NIGHT, SHORTLY

9 June - 27 July 2018

In Night, Shortly the artists employ sculpture, drawing, painting, photography and hybrids of all, to make complex artworks that allude to the psychological and physical effects of time, the body, and the entropic nature of organic, terrestrial matter. While the works are tinged with melancholy, the artists reflect informed and hopeful views of the surrounding world. The show acts as an uncynical reflection of the times that celebrate the dogged making of physical things.

 

The exhibition’s title is borrowed from a sundial motto inscription, one of many that Chris Duncan has sewn into black fabric and placed on his studio roof for a six-month period. These works continue Duncan’s ongoing exploration of the sun as metaphor, inspiration and subject. The stitched fabric absorbs ultraviolet rays, rain, and windblown particles over time and employs the celestial body as fabricator. Without the use of dye, emulsion or any intentionally manipulated chemical process, tightly detailed imagery emerges through time and creates a sun-bleached exposure.
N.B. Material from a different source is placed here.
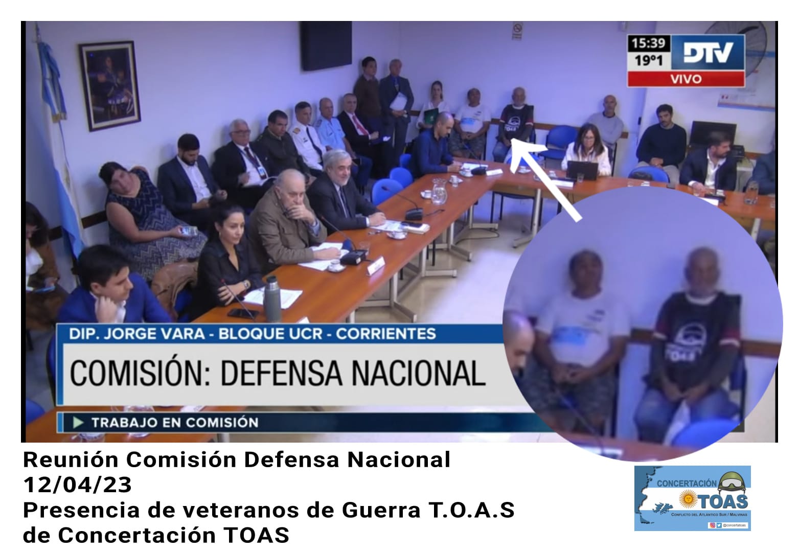 Pese a tener conocimiento previo que, en la sesión de la Comisión de Defensa, no iba a tratarse el tema de la Ley que devolverá la veteranía hurtada a los VGM continentales, José Luis Zapata y Horacio Graneros se hicieron presentes, con insignias de la lucha TOAS, para recordarles a los legisladores la necesidad que traten ya el proyecto 813/diputados/2023.

Once harvested, the thread is cut and removed, allowing the scrunched fabric to flatten and reveal the ghostly appropriated messages.

 

In Colby Bird’s work, the photographic image, here a fruit bowl in a Buddhist temple, becomes a cipher more than a subject. The ornate construction of the frame, the forced-mirroring of the viewer, the object-ness of the photo itself–all of these act in unison to encourage a holistic reading of the works on display. The dark prints topped with glass, combined with the gallery’s overhead lighting, create a mirroring effect, serving to put the viewer “on stage” both inside and outside of the work. Built-in to the reverse side of the work is a tableau of imagined daily activities of the Platonic ideal of “the artist”: casual painting, leisurely reading, and reflective writing.

 

Anne-Lise Coste’s paintings have the immediacy of graffiti and allow her to express subjective moods mixed with political criticism. Her dada-influenced language and intensely lyrical images exude irony, rebellion and emotion. She creates seemingly straightforward compositions that actually offer us a catalogue of contemporary anxieties. Her Bones paintings act as a kind of Rorschach as she cites “these bones that in 2001 Space Odyssey are shown to be the tool of the creator or destroyer. These bones that float in Georgia O’Keefe paintings. These bones seem to cut sharply to the center of something that is keenly alive in the desert even though it is vast and empty and untouchable... And knows no kindness with all its beauty.”

 

Brie Ruais’ ceramic sculptures embody a transition from action to outcome and they begin with a list of limitations. These controls, determine the weight of the material, the action, the time, and the basic shape of her works. She begins with her body weight in clay and then confronts it in a highly physical process that involves kneeling, kicking, spreading, scraping, and skimming. The body operates as a conduit for receiving and communicating messages that escape the limitations of our material and social reality. As a result, clay and body collapse as subject and material merge. Clay has the ability to address conceptions of the internal body and the body of the earth; it is in this space that her work reflects on the history of shared repression and exploitation of the environment. Ruais’ Craters simultaneously look inward towards primordial movement, outward towards the land, and center on the undeniability of traumatized bodies.

 

Joseph Hart’s oversized drawings reflect his physical size and nudge the gestures toward the figurative. The door-like ratio of these lyrical compositions is determined by the artist’s wingspan. His deft line marks reach from top-to-bottom, and left-to-right depending on the positioning of the paper. Drawing is crucially important within the ecosystem of Hart’s studio practice. With the humble materials of graphite and paper, he is able to ignore the pressures of painting, play with line and boundaries, tempo, and be more impulsive and reactionary, which he remarks as a “gratifying way of moving and thinking”.

 

Rachel Foullon’s Threshold revolves around the form of a braid. Constructed from dozens of strands of hand-dyed cotton drawcord pulled across a stained cedar frame, Foullon expands on the timeless personal hair sculpture to yield haptic associations. For the artist, the braid is a systematized style of control, a handle, a tail, a vulnerability and a permission. Trunk, alludes to the body’s natural system of replenishment and renewal. Hand-dyed rope resembling the vena cava and aorta weave through pleated linen and cedar as if to supply the work with its own rationale, enabling its continued existence.